Nailed it! So, because it apparently doesn’t use AES-NI, and it’s single threaded that explains the performance I’m getting with a Xeon system. Only way to get better is to dumb down the encryption tunnel. At least Openvpn on Windows appears to be multi-threaded.
PID USERNAME THR PRI NICE SIZE RES STATE C TIME WCPU COMMAND
MTU is blank on pfsense, so we’re assuming 1500. My side is 1500. I enabled fast path ages ago. Hardware Checksum, Tcp Segmentation, and Hardware LRO are all checked for disabled.
My client: Pick and choose a desktop: I7-4930k, Windows 10, 32G, or AMD Ryzen 9 3900x, Windows 10, 64G, both using the latest OpenVPN client. All connections are wired, no wifi.
I can fire up my MacBook Pro and use TunnelBlick and get the same results.
What’s the advantage of AES-256-GCM with SHA384 over AES-128-GCM with SHA256?
I’m thinking it’s none. What I’ve read so far is that GCM is secure at 128-bit even though CBC was considered to require 256-bit to be secure, so using 256-bit with GCM adds unnecessary complexity and heavily increases overhead for no benefit. Similarly, while SHA1 is considered vulnerable with 160 bits, SHA256 is considered secure, so what do you gain from 384-bit SHA? I am under the impression that some processors with hardware crypto accelerarion implement higher-bit functions by performing multiple 128-bit operations, so this could potentially cause a small performance hit for some clients with older chips, and a huge performance hit for clients that don’t have hardware crypto at all. Does that sound correct to you?
WAN & LAN are on the onboard Intel IGB0/1. It’s a SuperMicro MB. I also have an Intel quad port for various other networks, like SYNC, and other hard wired private networks. WAN & LAN are on their own physical interface, plugged into their own respective switches.
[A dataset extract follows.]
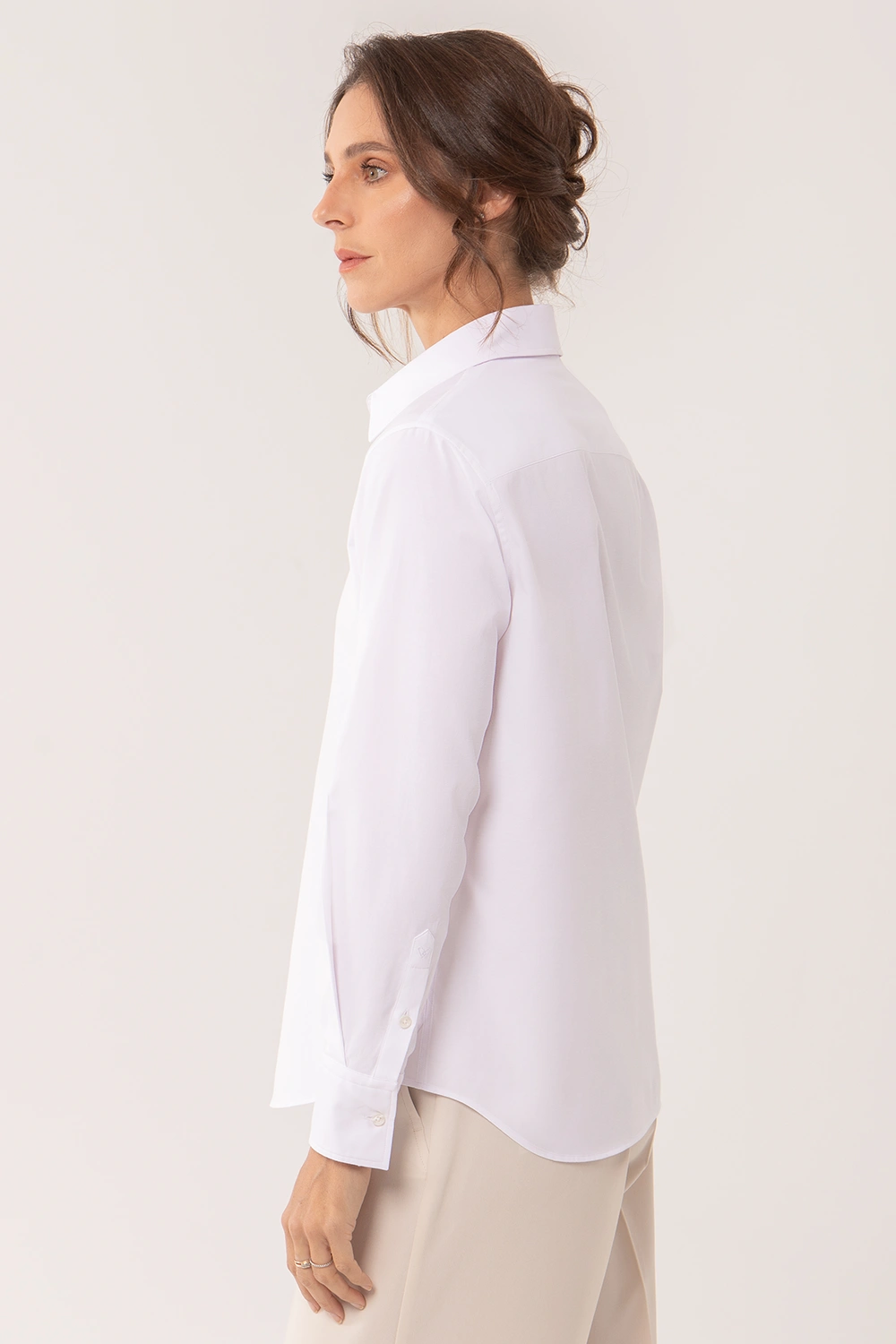 Une chemise blanche pensée pour les femmes actives qui veulent rester élégantes sans effort. Sa popeline légère et sa coupe semi-ajustée créent une silhouette nette, facile à porter du bureau au week-end.
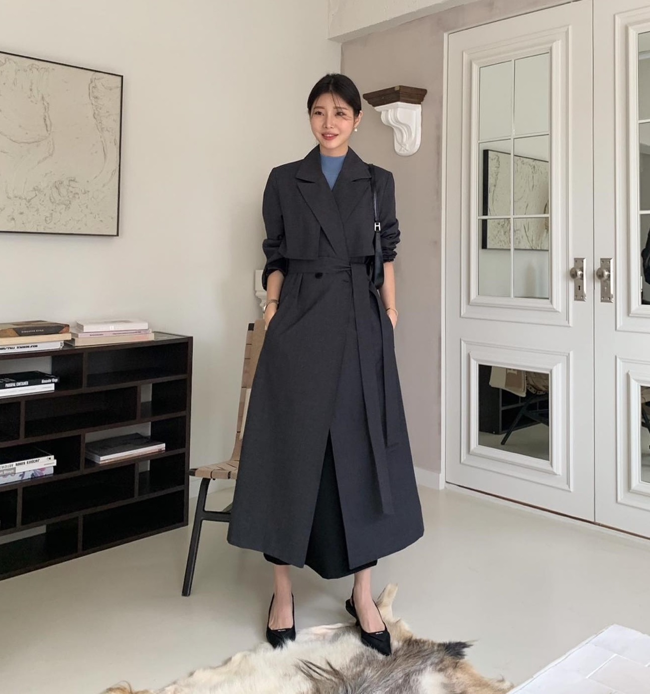 Tủ đồ mùa đông của chị em khó có thể thiếu đi một chiếc áo khoác dạ. Mẫu áo khoác này rất ấm áp, lý tưởng để diện trong những ngày rét đậm. Áo khoác dạ dáng dài mang đến nét thanh lịch và sang trọng cho người mặc. Bạn nên ưu tiên các mẫu áo khoác dạ mang tông màu đen, trắng, be hoặc xanh navy để giữ đúng tinh thần của phong cách tối giản. Ngoài ra, các mẫu áo khoác dạ mang tông màu trung tính còn dễ phối đồ và đảm bảo sự hài hòa, tinh tế cho tổng thể trang phục.

I have 6 interfaces in the pfSense box, 5 are used.
Connecting to the same servers at the data center, on their external interface, not using pfSense/openvpn, I get 106 Megabytes/sec – ~900 mbits/sec. When trying to get to the LAN side, thru pfSense w/openvpn, that’s when speeds collapse.
Hrmm… My advanced settings are set to AES-NI, and I see there’s now an option for both AES-NI and BSD-Crypto. On next OS update, I think I’ll make that change.
Multiple gets over the same tunnel increase the thruput slightly, and barely increase openvpn cpu load. So there goes that theory. You’d swear this thing is QOS’d.
My setup is nothing like yours as I run a virtual pf-sense under proxmox with a dozen other VM’s on a Pentium G3220 (no AES-NI). What is similar is the fact that I had a very similar problem and I also have an Intel 4 port 1Gig add-on card. When I first setup the machine I was using one port on the built in and one port on the external card; I had terrible results that at first I chalked up to the Pentium CPU but there was no real load happening; so then I moved all my PFSense stuff over to the external card and magically everything was fine. For whatever reason pf-sense just didnt like my built on nic’s. I only have 150Mbit but I can fully saturate that (vs only pulling around 30Mbit before moving the connections around).